Month: December 2024
Trump has gone way too far
I haven’t commented yet on Donald Trump’s nominations most egregious nominations. He wants Pete Hegseth to be Secretary of Defense and Kash Patel to be FBI Director. These are outrageous choices. I’ll be horrified if the Senate confirms them.
A drunk, abusing, corrupt Christian Zionist
Hegseth abuses women, including those who worked for him. He is a Christian nationalist and white supremacist. He drinks to excess and uses funds for illicit purposes. “Kill all Muslims” is something he shouted when inebriated.
This particular combination of disqualifications is remarkable even in Trump’s Cabinet nominees. Only Matt Gaetz comes close. He wisely withdrew from Trump’s nomination to be Attorney General.
My guess is Hegseth will not make it through the “advice and consent” of the Senate. The Republicans can only afford to lose a handful of votes there. The position requires sobriety and decorum. Hegseth is so blatantly unqualified that I hope more than a handful will oppose him.
A vindictive sycophant
Patel is a different problem. The President appoints the FBI Director for 10 years. Christopher Wray, the incumbent, has another 2 years on his appointment. He has tried to restore the FBI’s professional non-partisan cred. That is precisely why Trump wants him out.
Instead, the President-elect wants someone who will do his bidding.

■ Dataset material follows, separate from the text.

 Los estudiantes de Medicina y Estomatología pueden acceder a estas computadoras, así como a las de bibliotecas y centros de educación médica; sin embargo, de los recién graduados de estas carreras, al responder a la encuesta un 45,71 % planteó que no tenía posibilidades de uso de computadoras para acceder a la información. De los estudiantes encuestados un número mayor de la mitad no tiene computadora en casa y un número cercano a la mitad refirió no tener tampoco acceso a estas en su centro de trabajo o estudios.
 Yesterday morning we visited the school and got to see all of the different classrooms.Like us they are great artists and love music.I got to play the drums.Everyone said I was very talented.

That will include both restraint in pursuing Trump’s friends and supporters as well as ferocious aggression in pursuing his enemies. Patel would do just that. He plans to purge the Bureau’s upper levels, close its headquarters, and send agents out to pursue Trump’s antagonists.

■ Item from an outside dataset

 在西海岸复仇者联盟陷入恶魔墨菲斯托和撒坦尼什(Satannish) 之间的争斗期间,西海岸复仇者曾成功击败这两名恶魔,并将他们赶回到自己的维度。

Lots of Republican Senators will welcome such an effort. It will protect them and counter what they see as Democratic bias at the Bureau. The only hope is that a few will see the risk in such a partisan extremist. I am not an FBI enthusiast, but Patel will make the Bureau an instrument of retribution, not law enforcement. For at least half the country that will be unacceptable.
Better worse?
Some would argue that worse is better. Hegseth and Patel will no doubt, if confirmed, do things that will embarrass and even ruin Trump. I don’t buy that, even if true. The damage to America’s image in the world and to its its institutions of defense and justice is too great. The Senate needs to reject Hegseth and Patel. Better even before they have hearings, like Gaetz.
To tweet or not, that is the question
I am now beginning to post on Bluesky, the latest competitor of X/Twitter. I have profiles on Threads and Post, but I haven’t used them. Those two competitors never took off.
I don’t know if Bluesky will either. But the election results stimulated an exodus of interesting people from Twitter. They are mostly Democrats and never-Trump Republicans. I haven’t run into any Trumpkins there.
Why leave Twitter?
The arguments for leaving Twitter are strong. Its owner and operator is a billionaire Trump enthusiast and financier. The platform has been favoring pro-Trump views and slighting anti-Trump posts. Its revenue and usage is down sharply since he sliced staff, raised fees, and all but eliminated moderation,. Except for his political opponents of course. The number of American users is down. Trolling is up. For many people, the atmosphere has become toxic.
Bluesky is providing a far more friendly environment. Its algorithm is not slighting Democrats or promoting conflict. Discussion there can be vigorous, but not not nearly as poisonous as on Twitter. It is free and does not intend to allow advertising.
Why not leave Twitter?
That said, I am not planning to leave Twitter soon. There are several reasons.
First of course is the accumulation of more than 7000 followers for @DanielSerwer. That is an important entry point for www.peacefare.net. It will be a long time before I can gain even a fraction of that on Bluesky.
Second, many of my followers are not Americans. Few non-Americans have joined Bluesky, which is the product of the polarized political environment in the United States. It has more than 20 million users, which is extraordinary. But still a good deal less than Twitter/X’s 60 million Americans. Twitter/X has more than 350 million non-American users. I’ll gladly welcome non-Americans to Bluesky. But I suppose if they want to understand our politics, Twitter/X is more representative.
Third, I regret the loss of a common space, even one tainted with toxicity. Kenneth Roth, former executive director of Human Rights Watch, argues on Twitter/X that it is better to stay to debate issues than self-isolate in a friendlier environment. Trolls deserve a chance to show they can be sensible. And to tell the truth, they haven’t much plagued me. I’ve blocked very few people all these years (I joined Twitter in 2010).
Yes, Tweet, but Bluesky as well.
So on balance I prefer to do both Twitter/X and Bluesky, at least for now. Twitter in its heyday was an extraordinary way to talk with the world. I wish it had remained that way. Or that some public-spirited billionaire would put Musk out of his misery and buy it. S/he could then fix the algorithm and moderate the content.